_EXERCISE DIRECTIONS:_ Quote word for word the lines below, beginning with the first and ending with the one that has "New shokolad, шоурум". Drop the pictures.

####################

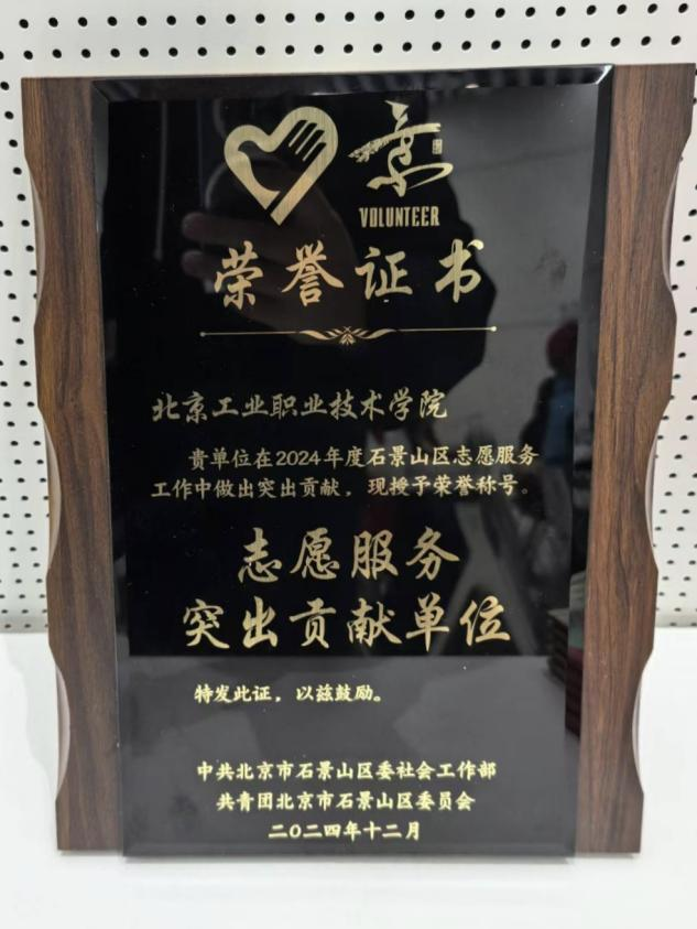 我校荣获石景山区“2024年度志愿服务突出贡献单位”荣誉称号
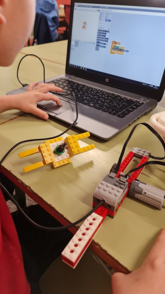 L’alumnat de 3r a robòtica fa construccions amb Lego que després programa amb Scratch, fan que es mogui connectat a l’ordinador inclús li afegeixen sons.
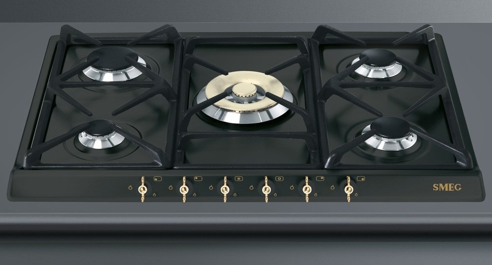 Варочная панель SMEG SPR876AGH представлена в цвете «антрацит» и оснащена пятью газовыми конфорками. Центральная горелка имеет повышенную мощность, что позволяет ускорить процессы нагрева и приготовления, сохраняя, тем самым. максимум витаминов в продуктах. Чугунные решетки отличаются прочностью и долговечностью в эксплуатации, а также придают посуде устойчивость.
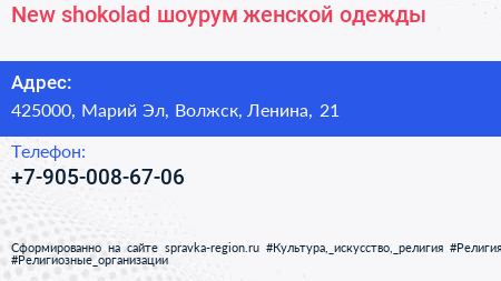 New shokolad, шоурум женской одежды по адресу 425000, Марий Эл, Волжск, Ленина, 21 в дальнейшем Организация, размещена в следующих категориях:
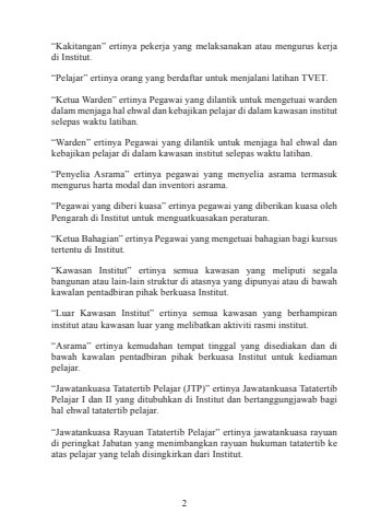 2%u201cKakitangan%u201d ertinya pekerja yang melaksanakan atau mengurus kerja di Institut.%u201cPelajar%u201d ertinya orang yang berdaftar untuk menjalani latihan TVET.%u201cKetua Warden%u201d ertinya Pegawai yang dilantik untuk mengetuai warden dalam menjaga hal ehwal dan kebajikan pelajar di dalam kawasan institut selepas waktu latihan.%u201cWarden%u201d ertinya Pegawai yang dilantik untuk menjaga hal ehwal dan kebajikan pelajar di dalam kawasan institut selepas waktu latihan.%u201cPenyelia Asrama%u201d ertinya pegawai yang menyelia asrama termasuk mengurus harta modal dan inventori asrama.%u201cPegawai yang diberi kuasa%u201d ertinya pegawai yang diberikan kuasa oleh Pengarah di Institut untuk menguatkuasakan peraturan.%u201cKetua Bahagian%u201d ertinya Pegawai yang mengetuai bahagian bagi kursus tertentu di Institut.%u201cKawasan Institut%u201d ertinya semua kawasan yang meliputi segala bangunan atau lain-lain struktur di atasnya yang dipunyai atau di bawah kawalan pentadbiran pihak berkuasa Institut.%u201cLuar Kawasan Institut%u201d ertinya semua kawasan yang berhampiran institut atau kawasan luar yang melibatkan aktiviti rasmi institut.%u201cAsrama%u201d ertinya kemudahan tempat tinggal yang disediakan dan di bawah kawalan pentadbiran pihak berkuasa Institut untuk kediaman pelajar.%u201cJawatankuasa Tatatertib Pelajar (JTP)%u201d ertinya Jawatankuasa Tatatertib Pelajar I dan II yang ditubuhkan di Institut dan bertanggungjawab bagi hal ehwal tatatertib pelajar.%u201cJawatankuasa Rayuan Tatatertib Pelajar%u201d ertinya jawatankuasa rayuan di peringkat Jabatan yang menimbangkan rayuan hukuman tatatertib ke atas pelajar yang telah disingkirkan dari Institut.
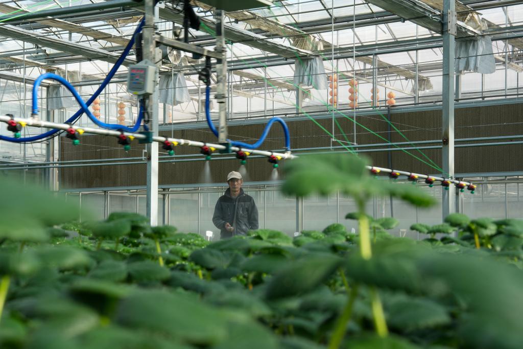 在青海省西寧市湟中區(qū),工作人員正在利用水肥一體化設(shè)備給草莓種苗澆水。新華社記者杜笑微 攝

####################

_ANSWER BELOW:_
 我校荣获石景山区“2024年度志愿服务突出贡献单位”荣誉称号
 L’alumnat de 3r a robòtica fa construccions amb Lego que després programa amb Scratch, fan que es mogui connectat a l’ordinador inclús li afegeixen sons.
 Варочная панель SMEG SPR876AGH представлена в цвете «антрацит» и оснащена пятью газовыми конфорками. Центральная горелка имеет повышенную мощность, что позволяет ускорить процессы нагрева и приготовления, сохраняя, тем самым. максимум витаминов в продуктах. Чугунные решетки отличаются прочностью и долговечностью в эксплуатации, а также придают посуде устойчивость.
 New shokolad, шоурум женской одежды по адресу 425000, Марий Эл, Волжск, Ленина, 21 в дальнейшем Организация, размещена в следующих категориях:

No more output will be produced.